La tesi di De Felice sembrò dirompente perché metteva in discussione non già la Resistenza in quanto tale ma piuttosto il suo uso politico e ideologico, la sua strumentalizzazione. Quello dello storico era, in realtà, un invito a rileggere e studiare la Resistenza al di fuori del «mito» che ne era stato accreditato soprattutto ad opera dei comunisti. Questi ultimi erano riusciti a far prevalere l'idea non solo di una grande rivolta popolare di massa ma anche, e soprattutto, di un fenomeno unitario a guida comunista. Cosa che non era affatto vera perché alla Resistenza, nelle sue varie fasi, presero parte, oltre ai comunisti e agli azionisti con le brigate «Garibaldi» e «Giustizia e Libertà», anche esponenti di altre forze politiche, dai cattolici ai socialisti, dai liberali ai monarchici inquadrati in brigate e formazioni autonome, talora in dissenso sulle scelte operative. Per non dire, infine, del contributo alla lotta di liberazione da parte dei militari italiani del Corpo italiano di Liberazione e di quell'altra e coraggiosa forma di resistenza rappresentata dal rifiuto di collaborare con i tedeschi da parte dei soldati internati nei campi di concentramento, gli Imi dei quali fece parte anche Giovannino Guareschi.

Alle origini del processo di mistificazione storica della Resistenza c'era un preciso disegno portato avanti dal Partito comunista e, in via subordinata, dal Partito d'azione, quello di accreditare che la Resistenza fosse il vero e il solo evento rivoluzionario della storia dell'Italia unita.
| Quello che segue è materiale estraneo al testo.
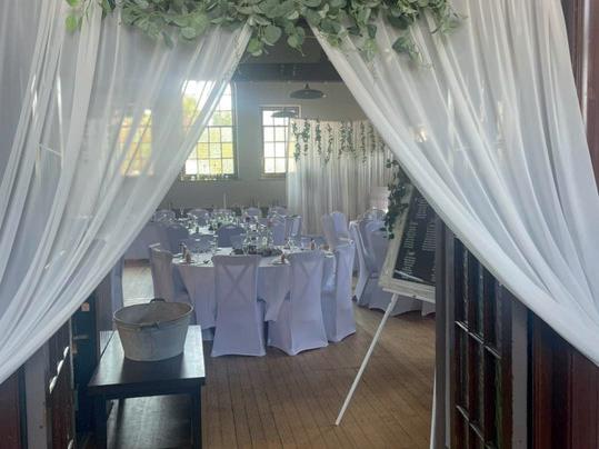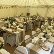 Venue décor - ceiling draping and table centres. Three course wedding breakfast, a BBQ or an elegant traditional afternoon tea.
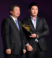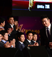 2012.11.05 15: 38'박수 받으며 수상대에 오르는 MVP 박병호'
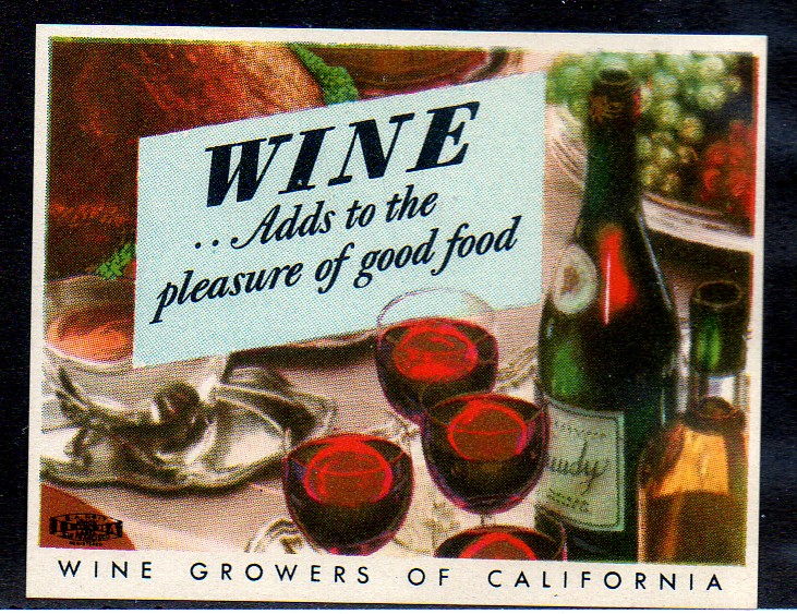 I was looking for some visual aids to use for this article, and I went searching in one of my many other hobbies and found a couple of advertising poster seals, that were much more popular from the 1920’s to the 1940’s, and I would venture to say that the two items that I found were probably from the 1940’s. The two items were put out by the Wine Growers of California and they both show wine as an integral part of a dinner. I did a search of the Wine Growers of California and I could not find them, though I would not be surprised if they have changed the name of the association perhaps several times over, which is not uncommon for many organizations as the course of their focus may change. I heartily endorse their appeal back then, and I still approve of the concept of National Wine Day as well.
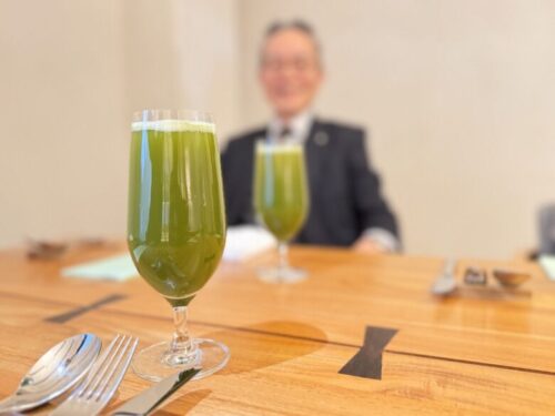 「堀口製茶が作っているビールで、緑茶の風味がビールの苦味と調和していい味出すんですよ、しかもどちらの味も喧嘩しない、絶妙なバランスなんです」

Il che spiega, per inciso, il motivo per il quale le formazioni autonome, quelle cioè che facevano riferimento a forze politiche diverse dal Pci o dal Pda, fossero guardate con diffidenza se non addirittura con ostilità. Rientra, per esempio, in questo quadro - e vi entra in maniera emblematica delle lotte intestine all'interno del movimento partigiano - il caso dell'eccidio della malga di Porzûs, dove un gruppo di partigiani della Brigata Osoppo di orientamento cattolico e laico-socialista fu barbaramente liquidato da parte di partigiani comunisti. Spiega, ancora, perché si dovesse glissare sul contributo militare, importante ed anzi essenziale, degli Alleati alla liberazione del Paese e perché si inventasse quella dubbia categoria interpretativa della Resistenza come «secondo Risorgimento» giustamente criticata da un grande ed equilibrato storico come Rosario Romeo. E spiega, infine, come, per molto tempo, la storiografia ufficiale della Resistenza, quella che De Felice avrebbe definito la vulgata, si fosse preoccupata non soltanto di minimizzare, di fatto sottovalutandola, la partecipazione delle componenti non comuniste all'epopea resistenziale.
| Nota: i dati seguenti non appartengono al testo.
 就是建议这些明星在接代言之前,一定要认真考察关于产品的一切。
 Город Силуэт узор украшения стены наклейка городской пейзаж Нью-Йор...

Quando, nel 1991, venne pubblicato il volume di Claudio Pavone dal titolo Una guerra civile. Saggio storico sulla moralità nella Resistenza , sembrò che si aprisse una stagione completamente nuova rispetto, per esempio, al classico libro, la Storia della Resistenza , che uno storico militante come Roberto Battaglia aveva scritto, quasi a caldo e sotto la guida ispiratrice di Luigi Longo, presentando, in chiave marxista, la Resistenza come una guerra di popolo egemonizzata e guidata dai comunisti. La novità stava, in primo luogo, nel recupero, in ambito storiografico, della nozione di «guerra civile» prima sdegnosamente rifiutata e utilizzata solo nella polemica politica e in talune ricostruzioni provenienti dall'ambiente neofascista. Adesso la «guerra civile» non era più rifiutata, ma diventava un aspetto della Resistenza accanto ad altri due, quelli di una «guerra patriottica» e di una «guerra di classe». Ma si trattava di una novità apparente perché, al fondo del discorso, rimaneva in piedi l'equazione che tendeva a collegare l'idea della Resistenza con l'idea di una rivoluzione politica e sociale. Non è un caso che la ponderosa, e pur importante, opera di Pavone liquidasse la vicenda di Porzûs in una nota e sottovalutasse il contributo delle componenti non comuniste o azioniste della Resistenza: come dimostra, per esempio, il fatto che le citazioni del nome di un liberale come Edgardo Sogno si contino sulla punta delle dita.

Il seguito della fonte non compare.